[Records for processing — start]

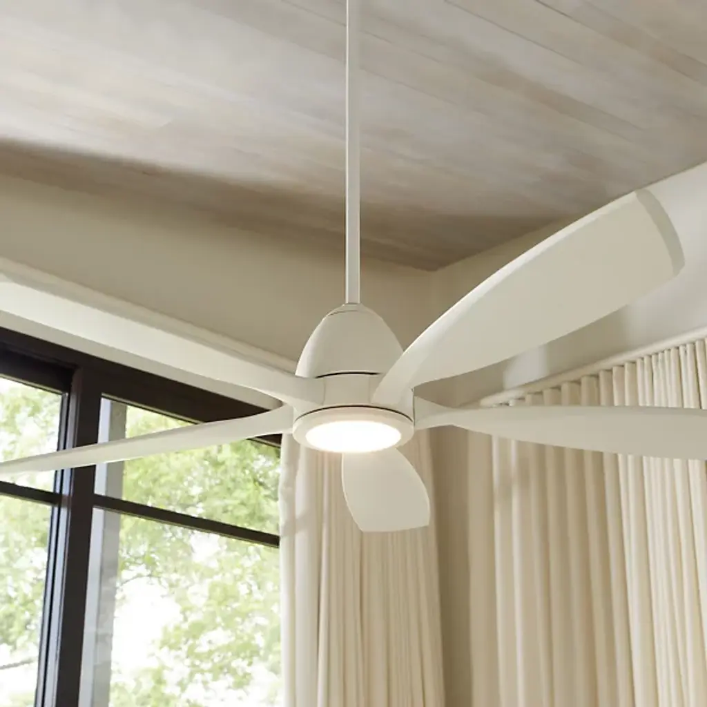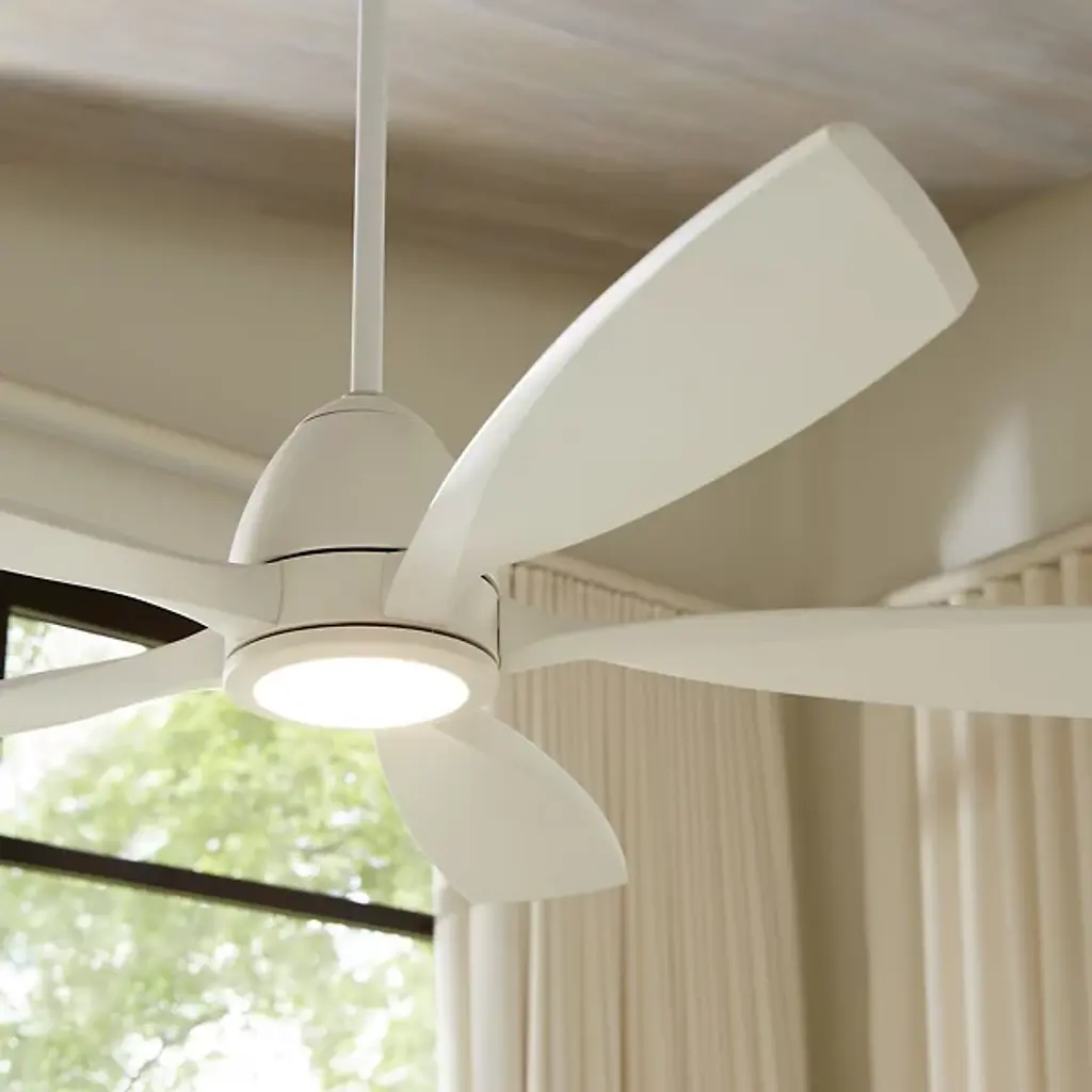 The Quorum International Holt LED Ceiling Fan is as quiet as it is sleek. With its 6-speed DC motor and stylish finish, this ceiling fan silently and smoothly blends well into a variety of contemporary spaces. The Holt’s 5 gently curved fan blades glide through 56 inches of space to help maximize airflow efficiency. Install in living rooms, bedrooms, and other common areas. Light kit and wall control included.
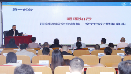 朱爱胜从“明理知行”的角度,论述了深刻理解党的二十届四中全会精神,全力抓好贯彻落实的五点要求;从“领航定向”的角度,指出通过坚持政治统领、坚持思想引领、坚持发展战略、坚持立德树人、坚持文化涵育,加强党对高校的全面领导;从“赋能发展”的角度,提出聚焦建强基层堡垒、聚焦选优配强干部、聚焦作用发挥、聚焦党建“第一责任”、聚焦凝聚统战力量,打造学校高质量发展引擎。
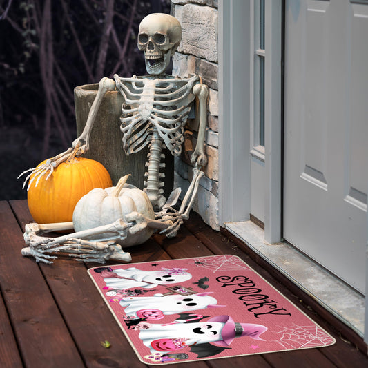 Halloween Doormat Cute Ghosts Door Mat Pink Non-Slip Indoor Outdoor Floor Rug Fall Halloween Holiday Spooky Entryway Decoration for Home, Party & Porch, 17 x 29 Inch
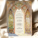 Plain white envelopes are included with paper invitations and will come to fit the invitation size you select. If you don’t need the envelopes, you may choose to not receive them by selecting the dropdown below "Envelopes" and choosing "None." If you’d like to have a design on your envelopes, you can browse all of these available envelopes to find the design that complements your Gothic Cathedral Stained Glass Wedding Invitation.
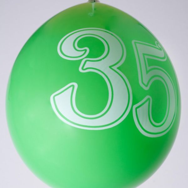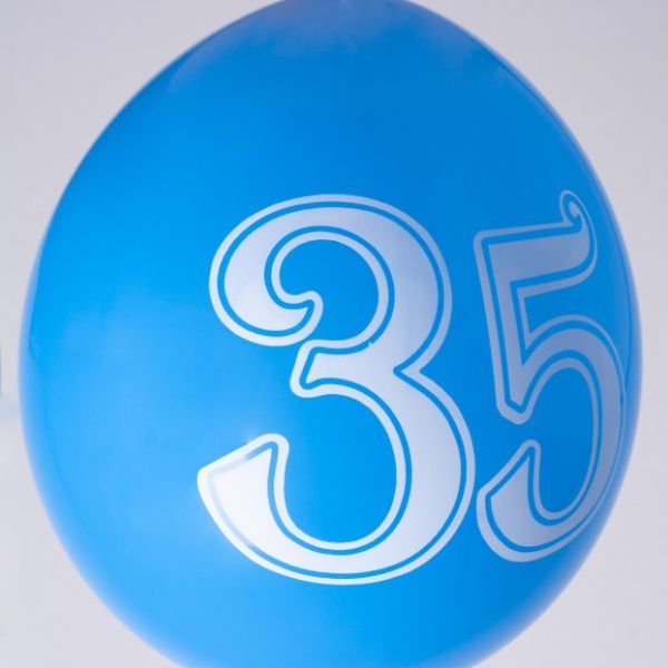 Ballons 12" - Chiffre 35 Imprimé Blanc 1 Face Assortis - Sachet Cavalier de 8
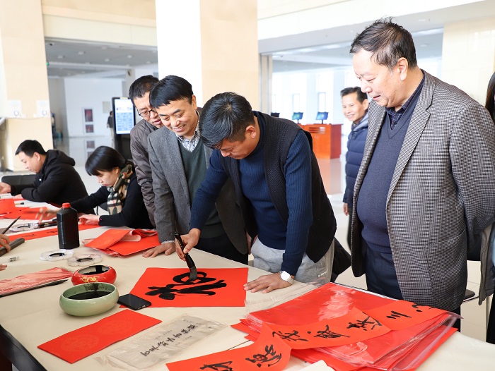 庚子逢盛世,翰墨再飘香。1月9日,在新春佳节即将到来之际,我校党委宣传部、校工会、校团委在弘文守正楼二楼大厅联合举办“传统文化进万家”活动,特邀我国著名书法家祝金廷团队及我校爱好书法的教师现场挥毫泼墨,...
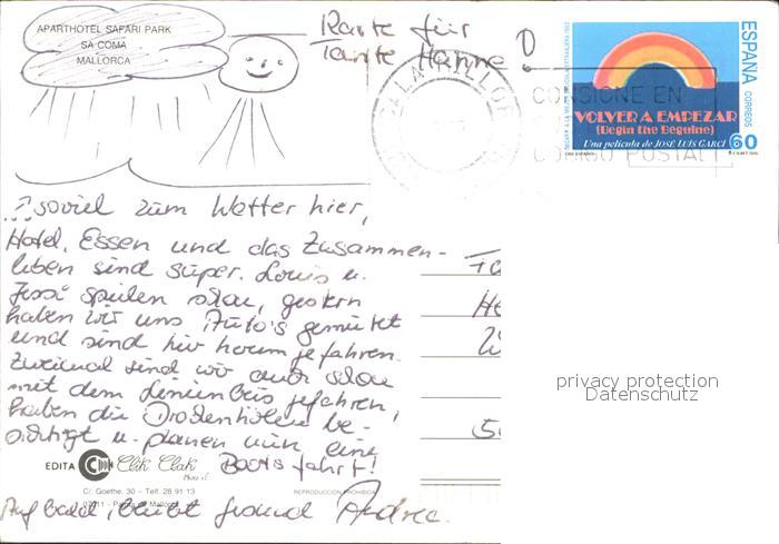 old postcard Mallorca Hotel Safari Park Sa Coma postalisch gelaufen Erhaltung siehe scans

[Records for processing — finish]

#### [Your instructions]
Word for word, write out the lines above running from the one with "Plain white envelopes" up to and including the one with "Cavalier de 8". Drop any picture.

#### [Finished exercise]
 Plain white envelopes are included with paper invitations and will come to fit the invitation size you select. If you don’t need the envelopes, you may choose to not receive them by selecting the dropdown below "Envelopes" and choosing "None." If you’d like to have a design on your envelopes, you can browse all of these available envelopes to find the design that complements your Gothic Cathedral Stained Glass Wedding Invitation.
 Ballons 12" - Chiffre 35 Imprimé Blanc 1 Face Assortis - Sachet Cavalier de 8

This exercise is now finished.